Friday, September 15th, 2017
There are two golden rules for creating wealth that stand out above all others. The first, and most important, is to Spend Less Than You Earn. The second is to Pay Yourself First (PYF). Under the PYF principle, you give yourself top priority when it comes to deciding how to spend your income. Pay Yourself First by transferring money into a savings or investment account before you pay your living expenses.
Wealth is built in one of two ways. You can either save some of your own income, or you can borrow other people’s money (from the bank) to invest in property or businesses. Even if you borrow to invest, it is still really important that you save and invest from your own income.
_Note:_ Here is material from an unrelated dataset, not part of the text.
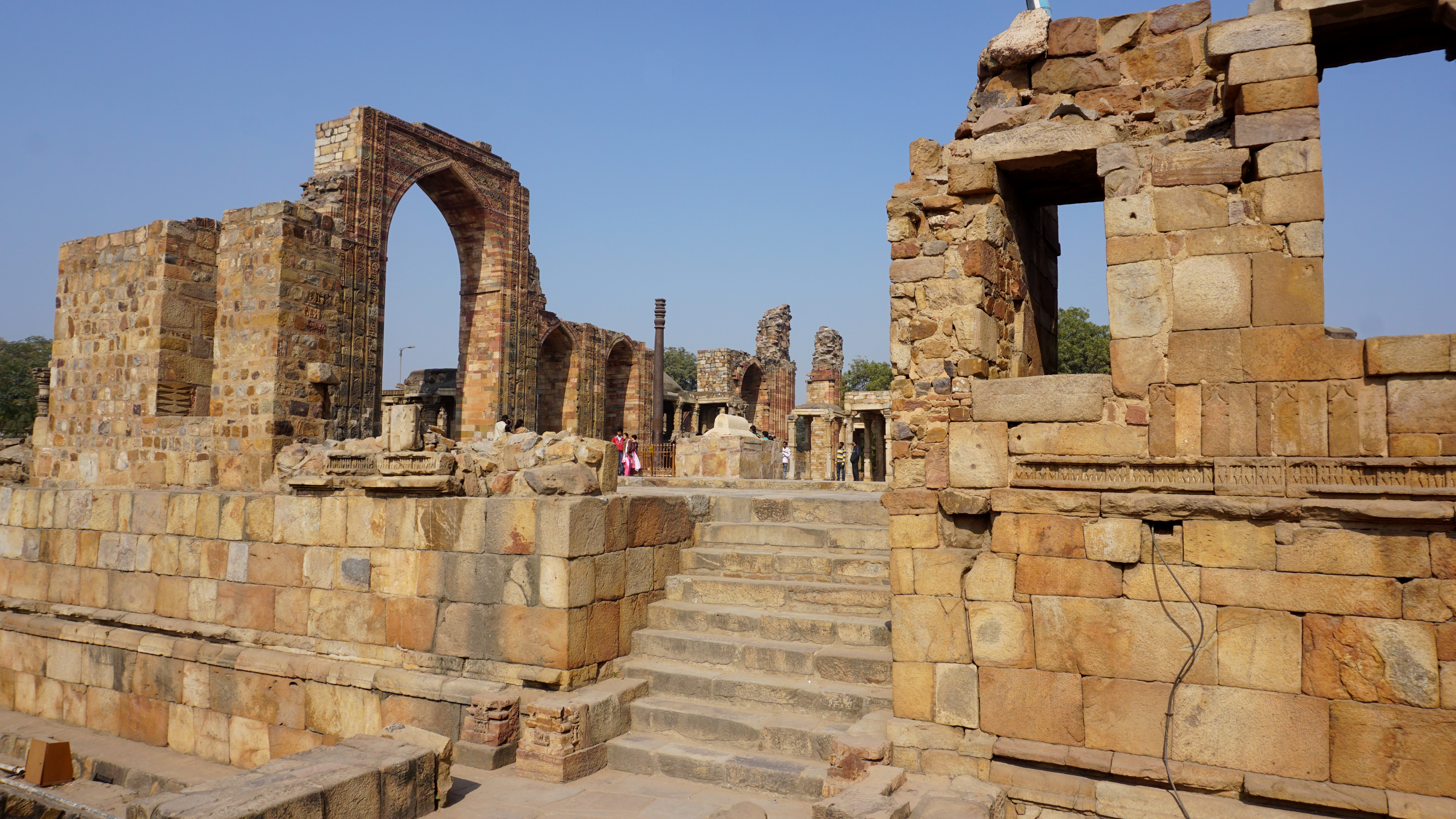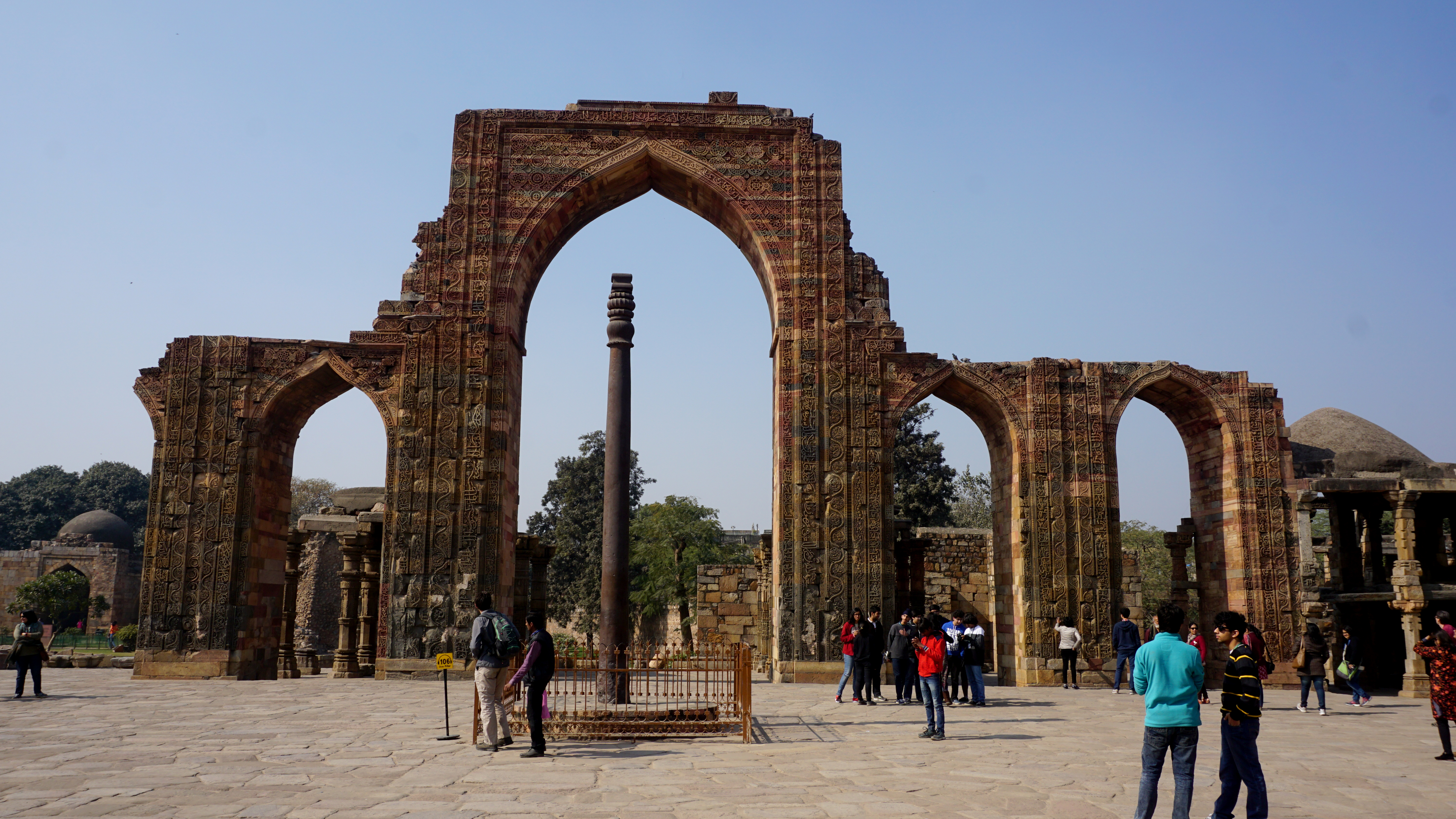 There are magnificent archways and an iron pillar, an archeological wonder from the 4th century A.D. Beautiful green ring-necked parakeets contrast perfectly with the red sandstone buildings and lush trees set the architecture off perfectly.

If you can’t manage your own money well, how can you possibly manage someone else’s?
Paying Yourself First doesn’t mean Treating Yourself First. It’s not about spending money on things you want now; it’s about building up your assets so you can spend later on. However, this doesn’t mean you have to go without things you want. Once you have built up your assets, they will produce additional income which you can then freely spend while keeping your assets intact to produce even more income. For example, instead of buying a $35,000 car now, you can use the $35,000 as a deposit on an investment that produces enough return to pay for a car over a period of time without having to touch your original sum. It’s like having your cake and eating too, although it can take a while for the cake to cook!
There is discipline involved with the PYF principle. Once you have transferred your income into savings or investment, you need to resist the temptation to transfer it back again and spend it.